Wednesday, August 17, 2005

Fly the High Skies with AirTran

Have you heard the new ad for AirTran Airways where they promise you won't have to sit next to a pirate if you buy a seat on one of their flights? There is a pirate making his "rrrr" sound in the background, a parrot squawking and slightly embarrassing comments about the pirate's booty. If only they could promise that you wouldn't have to sit next to a person who avoids taking regular showers. I'd much rather sit next to a pirate than a guy who dismisses personal hygiene. Sitting next to a pirate might be kind of fun. We could trade tales of sailing the high seas, me in my canoe, he in his schooner.
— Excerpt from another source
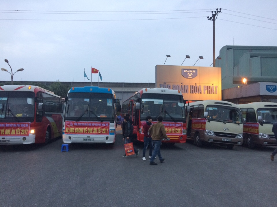 Từ sáng sớm 24/1/2017 (tức ngày 27 Tháng Chạp), Công đoàn Công ty Ống thép Hòa Phát Bình Dương đã thuê xe đưa CBCNV ở xa về quê ăn tết
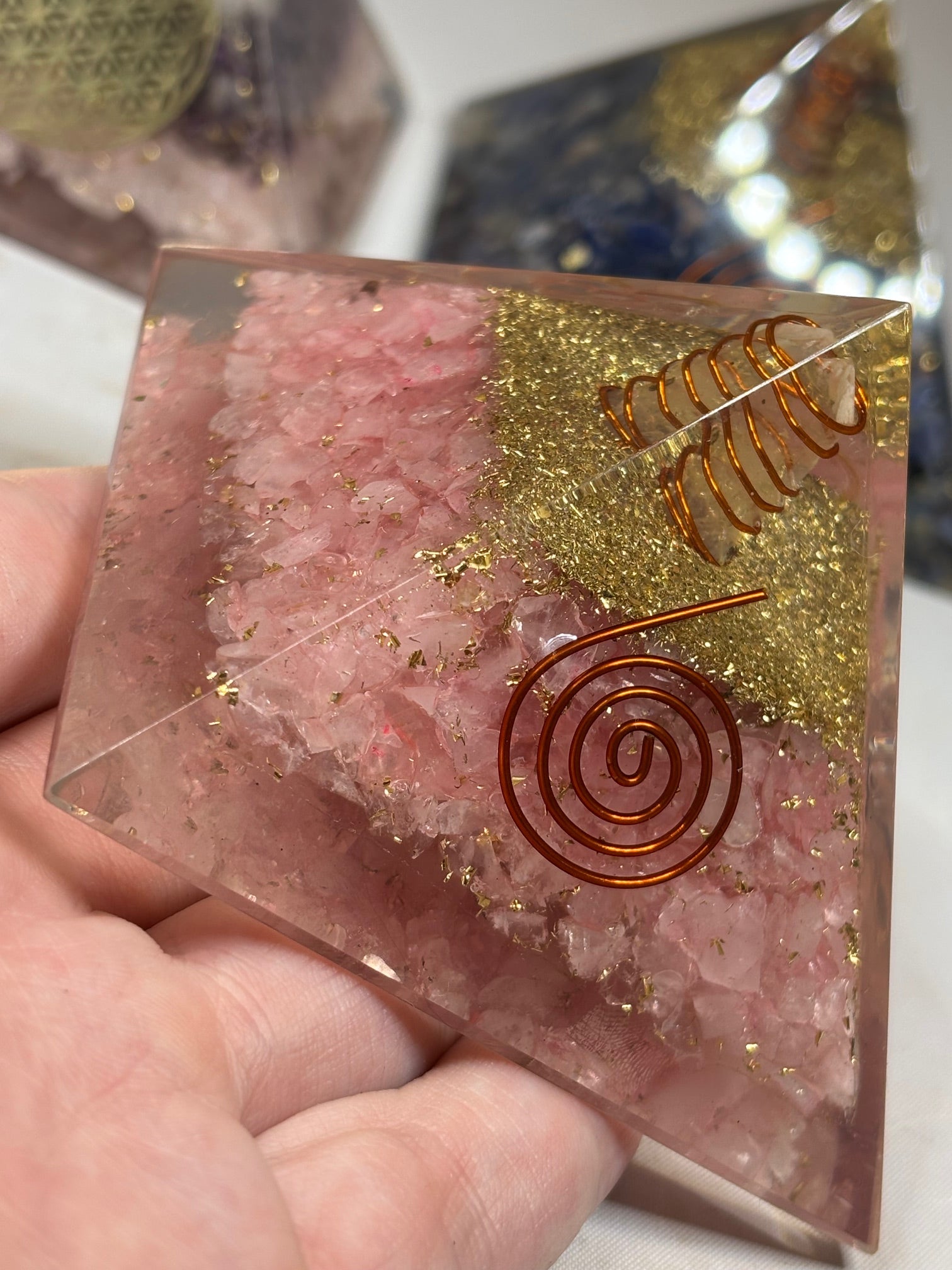 Wunderschöne Rosenquarz oder blaue Sodalith oder goldenes Dreieck Orgonit Pyramide, hergestellt im goldenen Schnitt, dem selben Verhältnis wie die ägyptische Cheops Pyramide, also 14:11

We'd knock back a few of those little bottles of rum the stewardess delivers on the wheeled cart, and then I'd show off my temporary tattoos. Now if AirTran could promise me a seat by a pirate, then I might book a trip with them today. Even though the last time I flew AirTran it took me 18 hours to get from Boston to Minneapolis, a chance to fly the high skies with a pirate would make it worth the aggravation. Ahoy matey!

1 comment:

  1. Unfortunately, Pirates are not known for having great personal hygene. It comes from surviving long dead-calm passages through the doldrums, I suspect, what with all the urine drinking, eating hard-tack, living off norway rat meat and all.